The Brick House
Role
Programmer
Producer
Date
Mar 2025
Engine
Unity
Perforce
The Brick House is a cooperative 3D cooking game inspired by Overcooked, created as a group project in Unity. Two players control pig chefs running a high-end restaurant that serves the richest wolves of Wall Street, while a third pig (NPC) helps deliver dishes to customers. Under the guise of comedy and chaos, the game tells a twisted version of The Three Little Pigs: after losing their homes and businesses to greedy wolves, the pigs use this restaurant both to survive and to secretly take revenge.
The project focuses on teamwork, communication, and time management in a busy kitchen, with an extra layer of dark humor through a hidden “back alley” hunting phase that connects directly to the ingredients used in the restaurant.

Inspiration
The core narrative and characters are based on “The Three Little Pigs”, but shifted into a modern, satirical setting.
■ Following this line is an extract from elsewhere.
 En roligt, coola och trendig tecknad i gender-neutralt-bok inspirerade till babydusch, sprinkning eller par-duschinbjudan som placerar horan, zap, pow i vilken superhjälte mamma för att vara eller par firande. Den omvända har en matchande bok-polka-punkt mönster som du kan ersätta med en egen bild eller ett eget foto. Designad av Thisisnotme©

Instead of a single big bad wolf blowing down houses, we reference “wolves of Wall Street” as predatory, rich elites who foreclose the pigs’ properties and push them out of their own homes and businesses. The new story asks what happens when the victims learn to play inside the same system—and twist it.

Mechanically and visually, the game draws inspiration from Overcooked: top-down or 3D kitchen layouts, real-time cooperative cooking, clear station-based tasks, and fast order management. Our design goal is to keep the controls simple but force players to communicate and coordinate roles under time pressure.
Story
In our version of the fable, the three pigs once owned small, honest businesses. The wolves of Wall Street used their power and money to foreclose those places and take the pigs’ homes. With nothing left, the pigs regroup and open a new restaurant in the wolves’ own financial district, called “The Brick House”, as both a survival plan and a quiet revenge.
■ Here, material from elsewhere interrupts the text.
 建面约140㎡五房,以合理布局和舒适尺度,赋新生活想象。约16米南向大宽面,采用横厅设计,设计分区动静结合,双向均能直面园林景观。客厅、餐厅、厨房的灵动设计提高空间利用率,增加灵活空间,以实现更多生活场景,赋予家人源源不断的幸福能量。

By day, the pigs run a professional, high-class restaurant serving wolf customers. The front stage looks clean: polished counters, well-organized stations, and an efficient service window where an NPC pig handles delivery. The pigs must meet daily profit goals to pay rent and slowly save money to buy back what was taken from them. This links performance (orders completed, accuracy, speed) directly to the story goal.

By night or during breaks, the tone shifts. In a back alley behind the restaurant, wolves gather to talk about stocks and business. Here, the pigs get a chance to strike back. In a short “killing wolf” mini-game, players can secretly take down these wolves and turn them into meat, which is then reused as the same ingredient models in the kitchen. The game never states this directly in text, but the shared assets make the implication clear. This creates a dark comedy loop: the wolves fund the restaurant with their money and, sometimes, with their lives.

The main win condition is to earn enough money to buy back their house, turning the twisted restaurant into a tool of justice in an unfair system.
Co-op Kitchen Gameplay
Two players control pig chefs in a shared 3D kitchen. They move, pick up and drop ingredients, use stations (chop, fry, boil, grill, etc.), assemble dishes, and place finished plates on the serving window. A third pig (NPC) picks up plates from the window and automatically serves the customers, keeping players focused on the kitchen.
Orders appear with timers. Players must choose tasks, avoid blocking each other, and cook correctly to earn money and keep their grade high. Correct dish earns money, and late orders will only get a certain percentage of profit depending on how late the order is completed. Failed orders get zero profit.
At the end of each day/level, total profit is compared against a target needed to “pay rent” and continue progress toward buying back the pigs’ properties. Players could go to the next level by passing the rent baseline, but they will need to earn enough “extra money” at the end of the game to buy their houses back successfully. This directly ties mechanical success to the narrative goal.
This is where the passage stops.